> What this task involves: Send back the line that contains "在體(ti) 育館對麵的東(dong) 安湖畔,有一座高聳挺立的火炬塔。它的高度是31米,象征著本屆大運會(hui)" and all lines following it through the end of the data below, exactly, omitting pictures.

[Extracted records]
■ ■ ■ ■

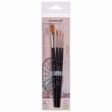 Кисти художественные BRAUBERG ART, набор 4 штуки, синтетика, (круглые № 1, 3, плоские № 4, 10), 200943
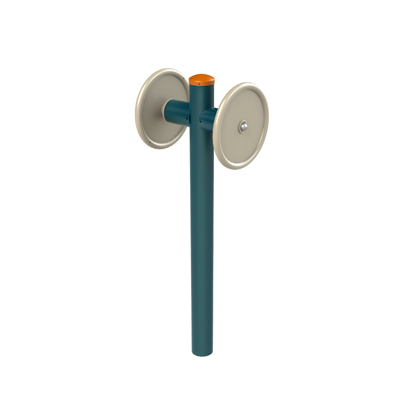 2、锻炼方法:两人分别在转轮两侧向对方相反的用力方向推动转轮边缘,以相互较力锻炼上臂肌肉。
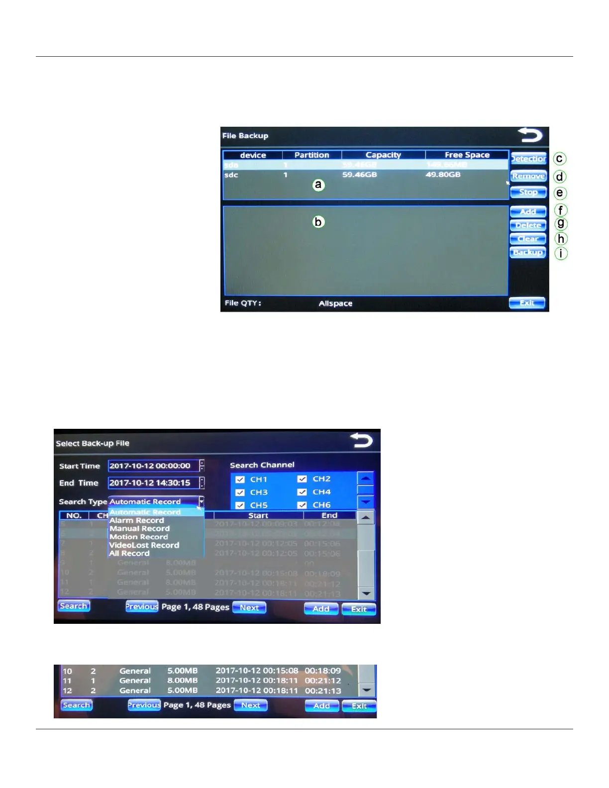 The File Backup menu enables you to back up the video les stored on the SSV9.
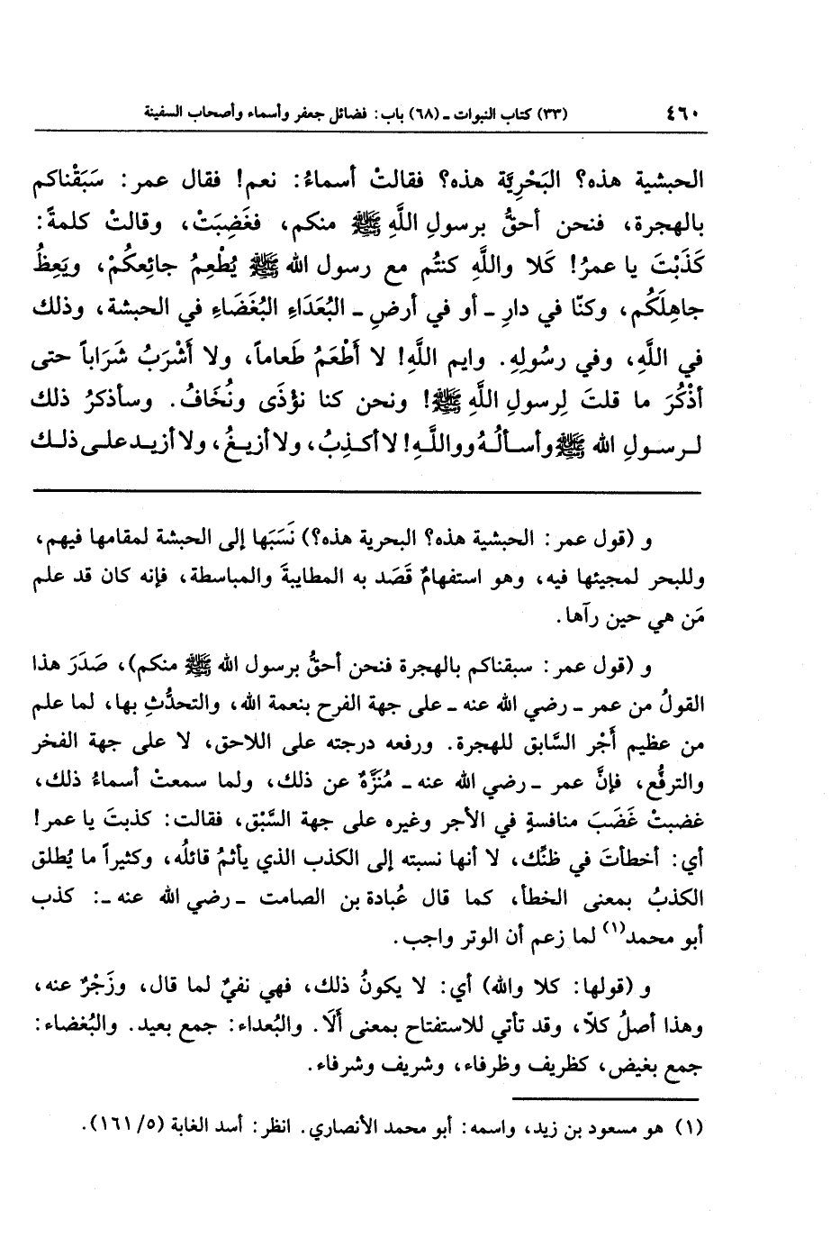 الحَبَشِيَّةُ هَذِهِ؟ البَحرِيَّةُ هَذِهِ؟ فَقَالَت أَسمَاءُ: نَعَم، فَقَالَ عُمَرُ: سَبَقنَاكُم بِالهِجرَةِ فَنَحنُ أَحَقُّ بِرَسُولِ اللَّهِ صَلَّى اللَّهُ عَلَيهِ وَسَلَّمَ مِنكُم فَغَضِبَت، وَقَالَت: كَلِمَةً كَذَبتَ يَا عُمَرُ! كَلَّا وَاللَّهِ كُنتُم مَعَ رَسُولِ اللَّهِ صَلَّى اللَّهُ عَلَيهِ وَسَلَّمَ يُطعِمُ جَائِعَكُم، وَيَعِظُ جَاهِلَكُم، وَكُنَّا فِي دَارِ - أَو فِي أَرضِ - البُعَدَاءِ البُغَضَاءِ فِي الحَبَشَةِ، وَذَلِكَ فِي اللَّهِ وَفِي رَسُولِهِ، وَايمُ اللَّهِ لَا أَطعَمُ طَعَامًا، وَلَا أَشرَبُ شَرَابًا حَتَّى أَذكُرَ مَا قُلتَ لِرَسُولِ اللَّهِ صَلَّى اللَّهُ عَلَيهِ وَسَلَّمَ، وَنَحنُ كُنَّا نُؤذَى وَنُخَافُ، وَسَأَذكُرُ ذَلِكَ لِرَسُولِ اللَّهِ صَلَّى اللَّهُ عَلَيهِ وَسَلَّمَ، وَأَسأَلُهُ، وَوَاللَّهِ! لَا أَكذِبُ وَلَا أَزِيغُ وَلَا أَزِيدُ عَلَى ذَلِكَ.
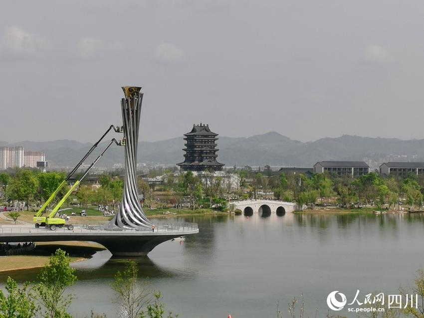 在體(ti) 育館對麵的東(dong) 安湖畔,有一座高聳挺立的火炬塔。它的高度是31米,象征著本屆大運會(hui) 是第31屆大運會(hui) 。12個(ge) 高大的螺旋形板狀裝飾構件,從(cong) 塔底向上延展,在空中托舉(ju) 出一個(ge) 金杯一樣造型的火炬。五冶集團另一位工作人員秦天介紹,這個(ge) 塔身設計的靈感也是來源於(yu) “太陽神鳥”。“太陽神鳥”標誌上有12道光芒,火炬塔上也有12個(ge) 螺旋構件。
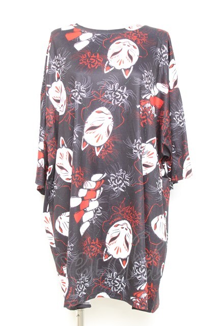 ACDC RAG / 狐面と彼岸花半袖チュニックヒュージTシャツ 黒 Y-26-02-17-057-PU-TO-SZ-ZY
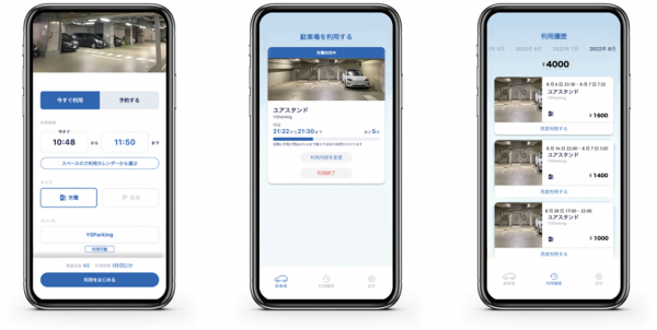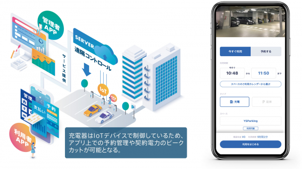 充電器を利用する際は専用アプリでお持ちのスマホから利用予約&決済が可能。また、管理者さま向けに利用明細の確認や各種設定がおこなえる画面も用意。
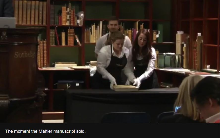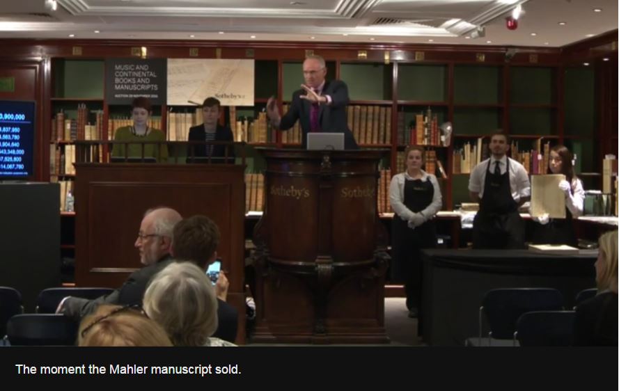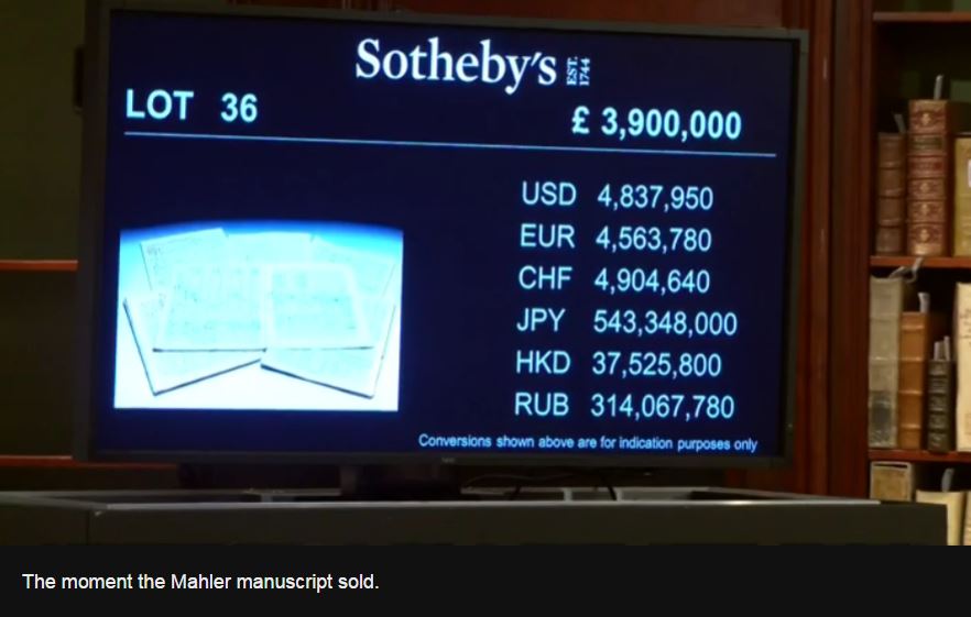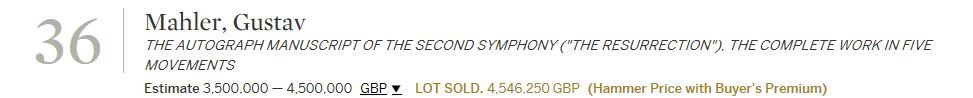 - 29-11-2016 London: The hammer price for the original manuscript of Mahler’s Second Symphony was £3.9m. The added Sotheby’s premium brought the total to £4,546,250. There were four telephone bidders. The only comparable handwritten music manuscripts of major symphonic works to have been sold at auction include the manuscript of nine Mozart symphonies – which fetched £2.5m in 1987. The manuscript of Robert Schumann’s Second Symphony sold for £1.5m in 1994.
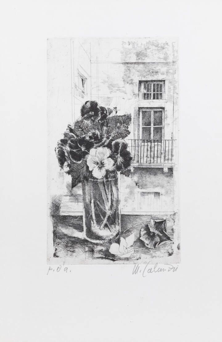 50x34 8 foglio 19 1x32 3 acquaforte e puntasecca prova d'artista Opera firmata in basso a destra e iscritta in basso a sinistra p.d'a. (a matita sul foglio) Esp.:-1985 Canelli (AT) Centro per la cultura e pe rl'arte L. Bosca. Acqueforti tra gli anni 1937-1985 Bibl.:-R. De Grada E. Caballo L. Carluccio Mario Calandri acqueforti tra gli anni 1937-1985 Canelli 1985 -M. Fagiolo dell'Arco F. Fanelli V. Gatti Catalogo generale delle opere di Calandri - Le incisioni - 1937/1991 Allemandi Torino 1996 ripr. al n. 306 p. 203
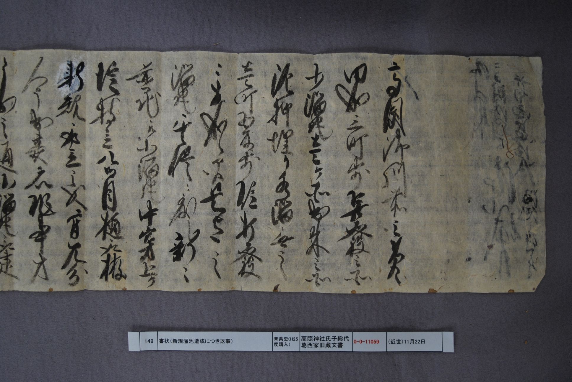 書状(新規溜池造成につき返事)
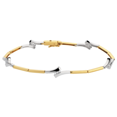 A yellow gold bracelet interspersed with white gold sections which hold diamonds.
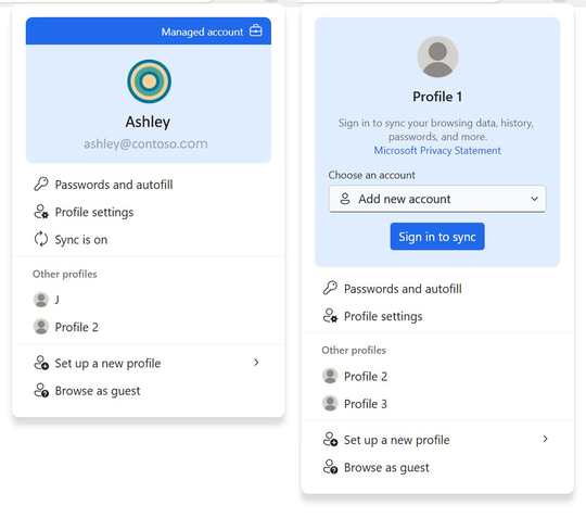 新しいプロファイルフライアウトは仕事用と個人用プロファイルの区別がより明確になり、認証情報(パスワードなど)やプロファイルの設定、同期のON/OFFなどのメニューが新設される。

■ ■ ■ ■

> Response box:
 在體(ti) 育館對麵的東(dong) 安湖畔,有一座高聳挺立的火炬塔。它的高度是31米,象征著本屆大運會(hui) 是第31屆大運會(hui) 。12個(ge) 高大的螺旋形板狀裝飾構件,從(cong) 塔底向上延展,在空中托舉(ju) 出一個(ge) 金杯一樣造型的火炬。五冶集團另一位工作人員秦天介紹,這個(ge) 塔身設計的靈感也是來源於(yu) “太陽神鳥”。“太陽神鳥”標誌上有12道光芒,火炬塔上也有12個(ge) 螺旋構件。
 ACDC RAG / 狐面と彼岸花半袖チュニックヒュージTシャツ 黒 Y-26-02-17-057-PU-TO-SZ-ZY
 充電器を利用する際は専用アプリでお持ちのスマホから利用予約&決済が可能。また、管理者さま向けに利用明細の確認や各種設定がおこなえる画面も用意。
 - 29-11-2016 London: The hammer price for the original manuscript of Mahler’s Second Symphony was £3.9m. The added Sotheby’s premium brought the total to £4,546,250. There were four telephone bidders. The only comparable handwritten music manuscripts of major symphonic works to have been sold at auction include the manuscript of nine Mozart symphonies – which fetched £2.5m in 1987. The manuscript of Robert Schumann’s Second Symphony sold for £1.5m in 1994.
 50x34 8 foglio 19 1x32 3 acquaforte e puntasecca prova d'artista Opera firmata in basso a destra e iscritta in basso a sinistra p.d'a. (a matita sul foglio) Esp.:-1985 Canelli (AT) Centro per la cultura e pe rl'arte L. Bosca. Acqueforti tra gli anni 1937-1985 Bibl.:-R. De Grada E. Caballo L. Carluccio Mario Calandri acqueforti tra gli anni 1937-1985 Canelli 1985 -M. Fagiolo dell'Arco F. Fanelli V. Gatti Catalogo generale delle opere di Calandri - Le incisioni - 1937/1991 Allemandi Torino 1996 ripr. al n. 306 p. 203
 書状(新規溜池造成につき返事)
 A yellow gold bracelet interspersed with white gold sections which hold diamonds.
 新しいプロファイルフライアウトは仕事用と個人用プロファイルの区別がより明確になり、認証情報(パスワードなど)やプロファイルの設定、同期のON/OFFなどのメニューが新設される。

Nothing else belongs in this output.